Problem requirements: Begin at the line below that has "Hazatérőben szembesülhettem az". Stop after the line that has "Ένα σπάνιο φαινόμενο, την", repeating each line exactly and leaving out the pictures.

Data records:
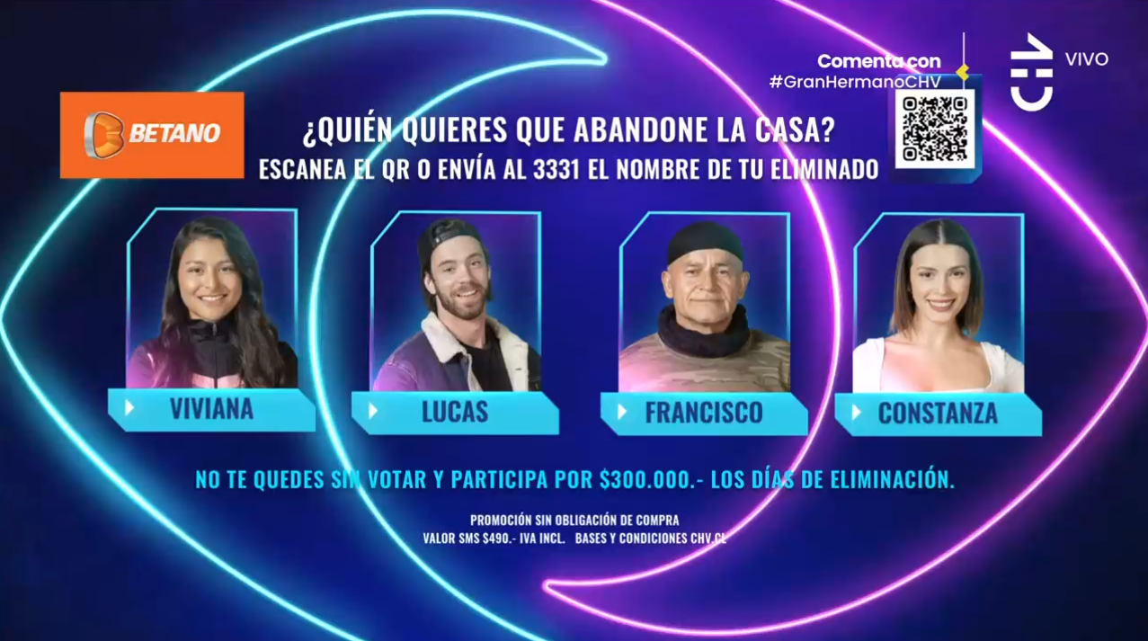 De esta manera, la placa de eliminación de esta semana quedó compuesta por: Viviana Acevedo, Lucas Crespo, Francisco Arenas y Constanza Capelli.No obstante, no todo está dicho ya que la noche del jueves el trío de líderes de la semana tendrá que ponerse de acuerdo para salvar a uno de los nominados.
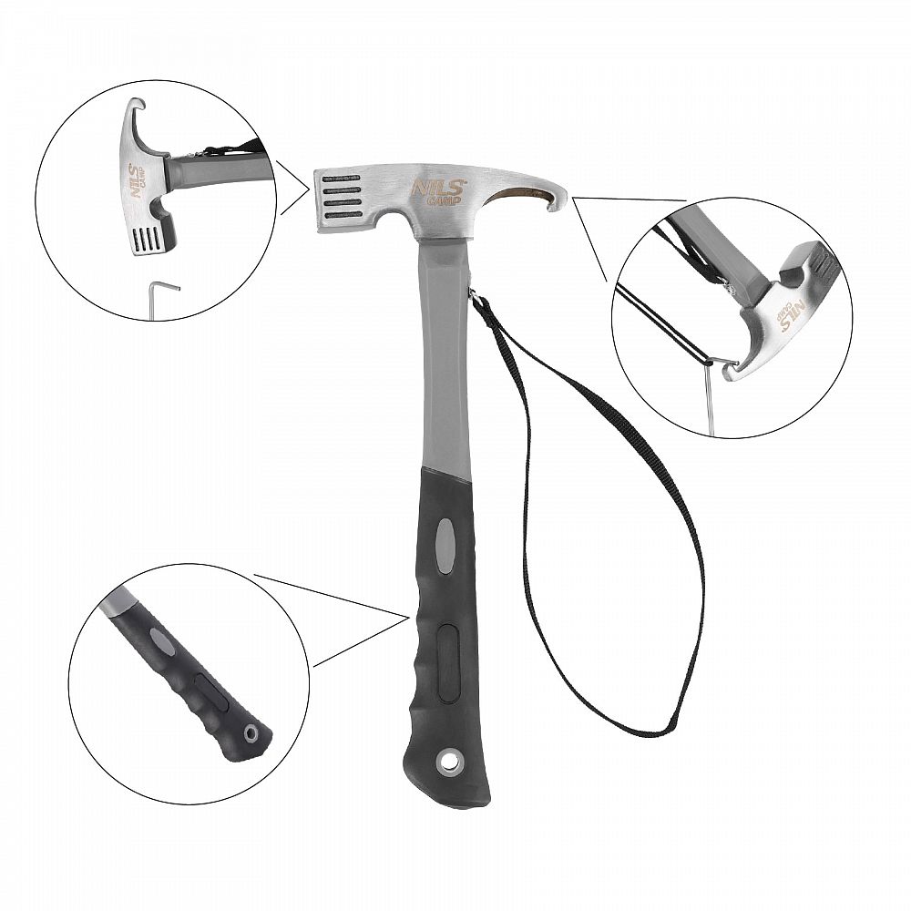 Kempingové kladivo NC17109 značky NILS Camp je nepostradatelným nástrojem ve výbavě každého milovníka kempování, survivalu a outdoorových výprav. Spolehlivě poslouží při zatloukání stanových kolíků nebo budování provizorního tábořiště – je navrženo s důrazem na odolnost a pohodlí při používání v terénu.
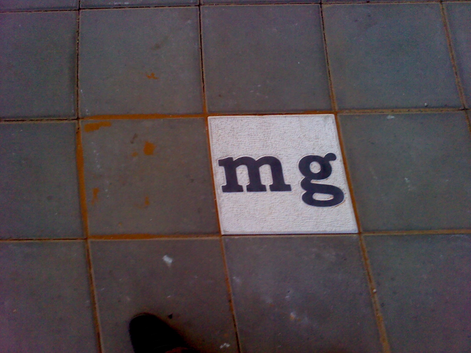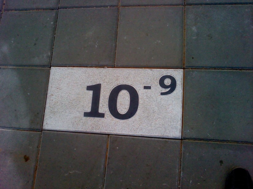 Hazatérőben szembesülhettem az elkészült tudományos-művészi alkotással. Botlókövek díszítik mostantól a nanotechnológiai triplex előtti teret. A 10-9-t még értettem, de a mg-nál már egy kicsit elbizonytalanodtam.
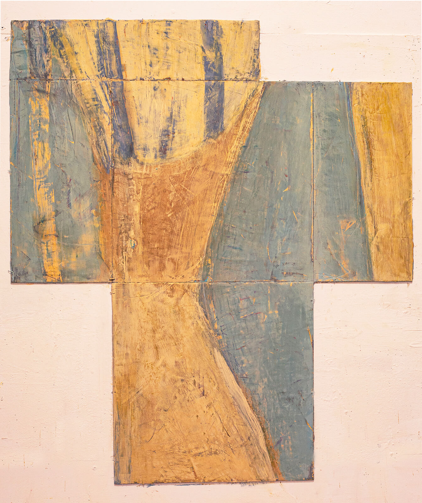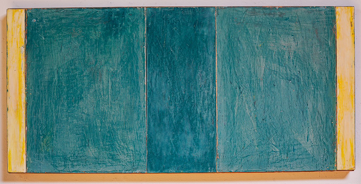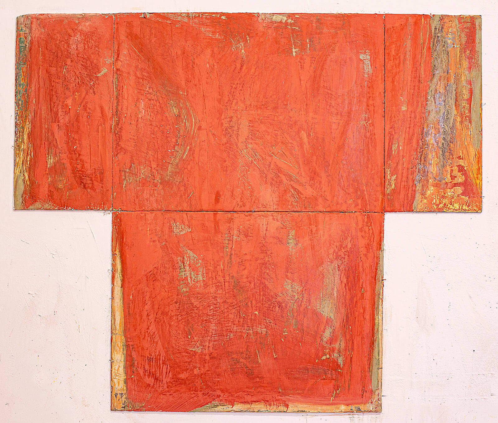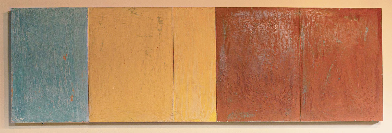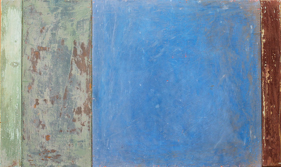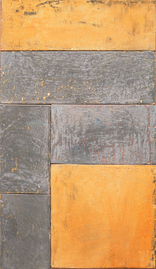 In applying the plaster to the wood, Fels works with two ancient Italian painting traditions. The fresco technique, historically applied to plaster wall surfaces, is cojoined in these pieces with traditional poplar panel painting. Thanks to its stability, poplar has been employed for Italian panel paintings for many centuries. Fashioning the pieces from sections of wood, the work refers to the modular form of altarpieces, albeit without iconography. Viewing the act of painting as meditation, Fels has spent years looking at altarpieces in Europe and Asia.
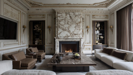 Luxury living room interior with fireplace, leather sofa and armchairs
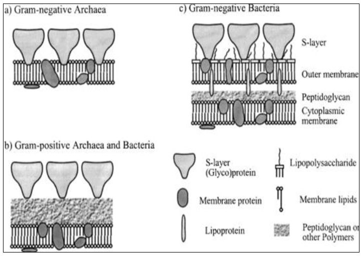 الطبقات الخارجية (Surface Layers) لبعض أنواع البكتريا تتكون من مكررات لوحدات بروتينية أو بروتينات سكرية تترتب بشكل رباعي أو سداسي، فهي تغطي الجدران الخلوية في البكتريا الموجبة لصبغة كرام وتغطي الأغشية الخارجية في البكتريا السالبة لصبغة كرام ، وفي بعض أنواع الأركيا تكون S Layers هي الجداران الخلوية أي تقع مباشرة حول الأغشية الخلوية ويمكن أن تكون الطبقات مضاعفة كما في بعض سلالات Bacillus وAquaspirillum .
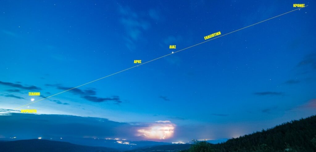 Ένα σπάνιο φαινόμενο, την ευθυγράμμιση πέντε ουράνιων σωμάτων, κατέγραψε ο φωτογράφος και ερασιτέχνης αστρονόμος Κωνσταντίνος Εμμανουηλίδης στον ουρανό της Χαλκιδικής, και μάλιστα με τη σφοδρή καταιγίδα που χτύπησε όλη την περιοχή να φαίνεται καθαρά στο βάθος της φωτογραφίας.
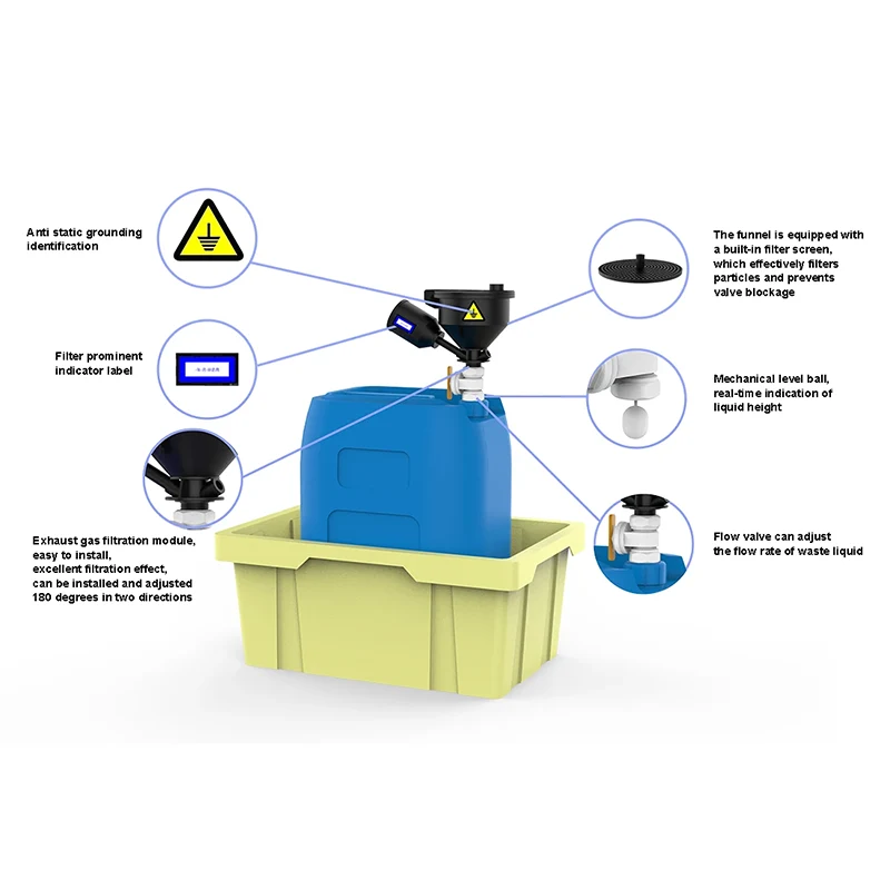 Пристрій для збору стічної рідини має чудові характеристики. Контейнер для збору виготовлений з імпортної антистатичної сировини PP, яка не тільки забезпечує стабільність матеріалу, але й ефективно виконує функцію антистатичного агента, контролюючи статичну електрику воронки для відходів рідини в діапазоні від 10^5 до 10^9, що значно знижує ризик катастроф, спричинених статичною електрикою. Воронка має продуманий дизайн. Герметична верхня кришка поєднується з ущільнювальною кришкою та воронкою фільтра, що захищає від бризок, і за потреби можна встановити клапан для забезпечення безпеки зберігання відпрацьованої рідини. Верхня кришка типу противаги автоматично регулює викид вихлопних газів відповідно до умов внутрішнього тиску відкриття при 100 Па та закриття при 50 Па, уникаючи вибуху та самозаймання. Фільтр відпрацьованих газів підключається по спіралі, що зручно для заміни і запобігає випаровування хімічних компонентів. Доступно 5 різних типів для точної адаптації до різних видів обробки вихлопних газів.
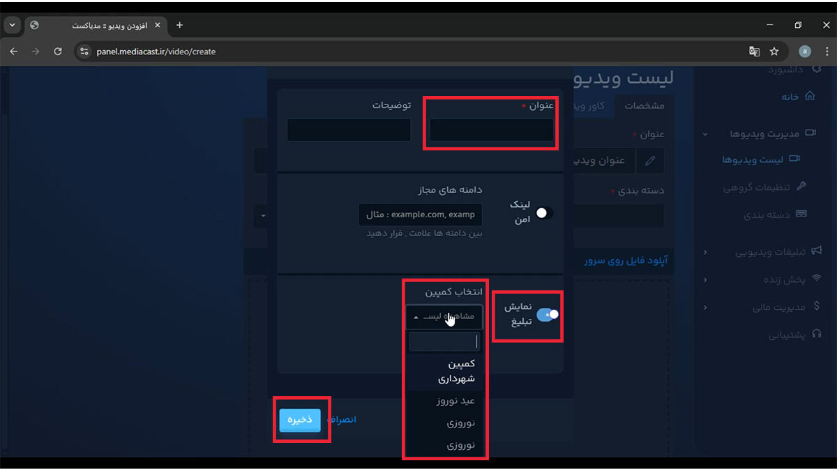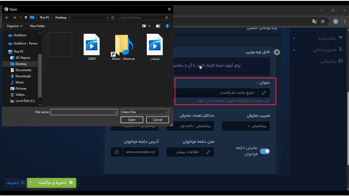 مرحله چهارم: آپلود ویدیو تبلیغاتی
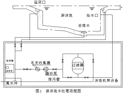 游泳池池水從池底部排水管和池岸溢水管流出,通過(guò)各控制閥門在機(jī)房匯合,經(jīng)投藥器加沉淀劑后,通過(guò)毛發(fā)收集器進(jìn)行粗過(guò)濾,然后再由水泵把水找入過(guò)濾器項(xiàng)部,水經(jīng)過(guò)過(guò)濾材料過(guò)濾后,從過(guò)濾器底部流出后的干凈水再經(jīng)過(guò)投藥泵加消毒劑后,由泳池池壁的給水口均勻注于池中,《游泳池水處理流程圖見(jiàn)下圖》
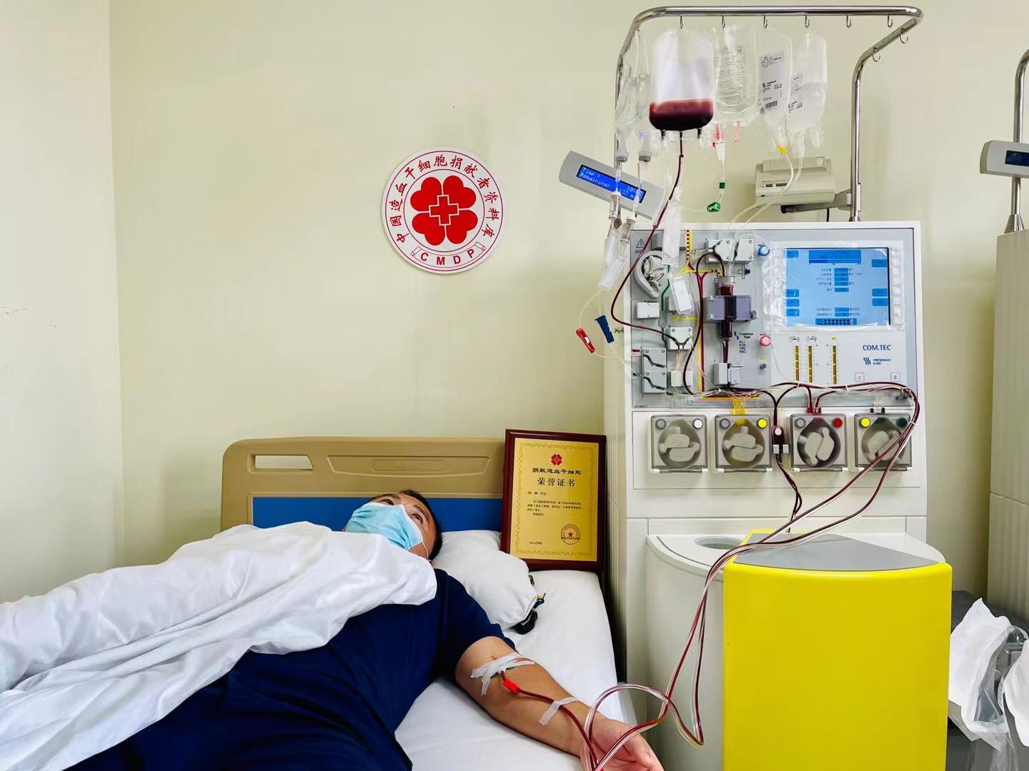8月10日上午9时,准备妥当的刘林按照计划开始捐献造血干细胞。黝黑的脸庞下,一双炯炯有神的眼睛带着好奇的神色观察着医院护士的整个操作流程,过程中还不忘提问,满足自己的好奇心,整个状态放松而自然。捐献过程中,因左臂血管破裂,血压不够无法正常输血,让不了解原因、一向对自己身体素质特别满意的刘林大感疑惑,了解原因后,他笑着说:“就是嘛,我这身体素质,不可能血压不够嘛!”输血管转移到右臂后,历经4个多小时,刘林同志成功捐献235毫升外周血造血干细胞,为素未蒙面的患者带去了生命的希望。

Final answer:
 Hazatérőben szembesülhettem az elkészült tudományos-művészi alkotással. Botlókövek díszítik mostantól a nanotechnológiai triplex előtti teret. A 10-9-t még értettem, de a mg-nál már egy kicsit elbizonytalanodtam.
 In applying the plaster to the wood, Fels works with two ancient Italian painting traditions. The fresco technique, historically applied to plaster wall surfaces, is cojoined in these pieces with traditional poplar panel painting. Thanks to its stability, poplar has been employed for Italian panel paintings for many centuries. Fashioning the pieces from sections of wood, the work refers to the modular form of altarpieces, albeit without iconography. Viewing the act of painting as meditation, Fels has spent years looking at altarpieces in Europe and Asia.
 Luxury living room interior with fireplace, leather sofa and armchairs
 الطبقات الخارجية (Surface Layers) لبعض أنواع البكتريا تتكون من مكررات لوحدات بروتينية أو بروتينات سكرية تترتب بشكل رباعي أو سداسي، فهي تغطي الجدران الخلوية في البكتريا الموجبة لصبغة كرام وتغطي الأغشية الخارجية في البكتريا السالبة لصبغة كرام ، وفي بعض أنواع الأركيا تكون S Layers هي الجداران الخلوية أي تقع مباشرة حول الأغشية الخلوية ويمكن أن تكون الطبقات مضاعفة كما في بعض سلالات Bacillus وAquaspirillum .
 Ένα σπάνιο φαινόμενο, την ευθυγράμμιση πέντε ουράνιων σωμάτων, κατέγραψε ο φωτογράφος και ερασιτέχνης αστρονόμος Κωνσταντίνος Εμμανουηλίδης στον ουρανό της Χαλκιδικής, και μάλιστα με τη σφοδρή καταιγίδα που χτύπησε όλη την περιοχή να φαίνεται καθαρά στο βάθος της φωτογραφίας.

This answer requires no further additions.